The 2015 Houston mayoral election was decided by a runoff that took place on December 12, 2015, to elect the Mayor of Houston, Texas. As no candidate won a majority of the vote during the general election on November 3, 2015, the run off was held between the top two finishers, Sylvester Turner, who received 31.31% of the vote, and Bill King, who received 25.27%.  In the run-off, Turner edged King, 51% to 49%, to become the 62nd Mayor of Houston.

Thirteen candidates appeared on the November ballot.
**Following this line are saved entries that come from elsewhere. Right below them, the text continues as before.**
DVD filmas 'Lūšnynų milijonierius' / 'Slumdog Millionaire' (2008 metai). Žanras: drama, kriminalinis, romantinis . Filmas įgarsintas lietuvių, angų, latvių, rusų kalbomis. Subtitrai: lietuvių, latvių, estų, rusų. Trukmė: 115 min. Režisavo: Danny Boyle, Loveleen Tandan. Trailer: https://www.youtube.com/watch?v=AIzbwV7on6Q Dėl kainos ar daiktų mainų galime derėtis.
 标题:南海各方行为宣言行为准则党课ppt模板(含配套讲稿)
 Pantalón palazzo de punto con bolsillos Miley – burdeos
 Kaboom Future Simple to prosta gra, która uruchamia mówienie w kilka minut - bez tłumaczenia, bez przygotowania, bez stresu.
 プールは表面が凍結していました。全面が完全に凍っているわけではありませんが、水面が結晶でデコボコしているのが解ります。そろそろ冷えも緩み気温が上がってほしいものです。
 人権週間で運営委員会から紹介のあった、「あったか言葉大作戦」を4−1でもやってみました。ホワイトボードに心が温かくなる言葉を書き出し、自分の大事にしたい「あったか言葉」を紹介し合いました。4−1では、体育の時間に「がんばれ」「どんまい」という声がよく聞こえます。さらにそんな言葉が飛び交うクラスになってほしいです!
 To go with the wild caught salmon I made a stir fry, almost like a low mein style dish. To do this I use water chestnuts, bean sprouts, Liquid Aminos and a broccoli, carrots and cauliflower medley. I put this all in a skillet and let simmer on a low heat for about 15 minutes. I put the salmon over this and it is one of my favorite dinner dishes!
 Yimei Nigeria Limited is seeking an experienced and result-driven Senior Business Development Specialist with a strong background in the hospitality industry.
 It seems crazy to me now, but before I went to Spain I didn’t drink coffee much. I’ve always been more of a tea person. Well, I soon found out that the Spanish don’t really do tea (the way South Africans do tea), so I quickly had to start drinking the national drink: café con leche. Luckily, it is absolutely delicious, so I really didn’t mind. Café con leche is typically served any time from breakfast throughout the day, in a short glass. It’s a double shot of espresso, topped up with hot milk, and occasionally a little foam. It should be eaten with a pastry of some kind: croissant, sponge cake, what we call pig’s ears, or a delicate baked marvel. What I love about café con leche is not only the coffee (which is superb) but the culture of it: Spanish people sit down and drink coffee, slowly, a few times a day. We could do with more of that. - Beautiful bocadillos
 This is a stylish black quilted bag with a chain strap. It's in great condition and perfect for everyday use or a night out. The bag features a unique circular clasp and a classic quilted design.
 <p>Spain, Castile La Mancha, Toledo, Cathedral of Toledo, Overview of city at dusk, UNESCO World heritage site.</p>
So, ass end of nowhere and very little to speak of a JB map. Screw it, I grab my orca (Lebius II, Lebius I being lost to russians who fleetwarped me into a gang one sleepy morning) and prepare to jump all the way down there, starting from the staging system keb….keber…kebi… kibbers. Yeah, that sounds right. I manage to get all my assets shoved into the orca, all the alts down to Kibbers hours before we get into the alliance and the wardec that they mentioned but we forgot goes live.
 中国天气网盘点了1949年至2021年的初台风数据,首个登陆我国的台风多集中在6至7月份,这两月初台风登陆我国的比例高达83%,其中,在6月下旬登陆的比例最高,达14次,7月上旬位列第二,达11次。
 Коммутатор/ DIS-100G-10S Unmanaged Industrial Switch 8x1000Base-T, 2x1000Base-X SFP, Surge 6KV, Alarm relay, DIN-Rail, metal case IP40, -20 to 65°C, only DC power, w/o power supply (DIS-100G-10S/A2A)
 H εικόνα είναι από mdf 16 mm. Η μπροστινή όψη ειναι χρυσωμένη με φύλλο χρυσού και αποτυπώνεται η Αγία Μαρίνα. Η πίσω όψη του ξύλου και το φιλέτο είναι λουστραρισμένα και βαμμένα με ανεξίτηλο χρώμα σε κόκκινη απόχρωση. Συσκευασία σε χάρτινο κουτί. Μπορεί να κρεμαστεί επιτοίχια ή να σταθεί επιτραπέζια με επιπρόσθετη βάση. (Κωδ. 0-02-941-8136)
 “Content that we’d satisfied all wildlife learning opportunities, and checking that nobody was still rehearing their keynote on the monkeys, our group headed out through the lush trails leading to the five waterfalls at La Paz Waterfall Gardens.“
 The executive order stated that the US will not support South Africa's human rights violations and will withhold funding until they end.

A poll of likely voters conducted in June revealed that half of the city's likely voters were undecided, and that three of the candidates included in the poll, Sylvester Turner, Adrian Garcia and Chris Bell (all of whom were Democrats) were within the margin of error of the top two spots.  However, the final results were significantly different from the early polling, with Independent King claiming the second runoff spot along with Turner.

Mayoral elections in Houston are biennial, with the winner being sworn-in in the following January for a four-year term.  The election is officially nonpartisan, although the political parties still support and endorse candidates.

With the passage of voter-approved Proposition 2, the Mayor began a four-year term effective in January 2016.

Incumbent Mayor Annise Parker, a member of the Democratic Party who had been in office since 2010, was term-limited and could not run for re-election to a fourth term in office.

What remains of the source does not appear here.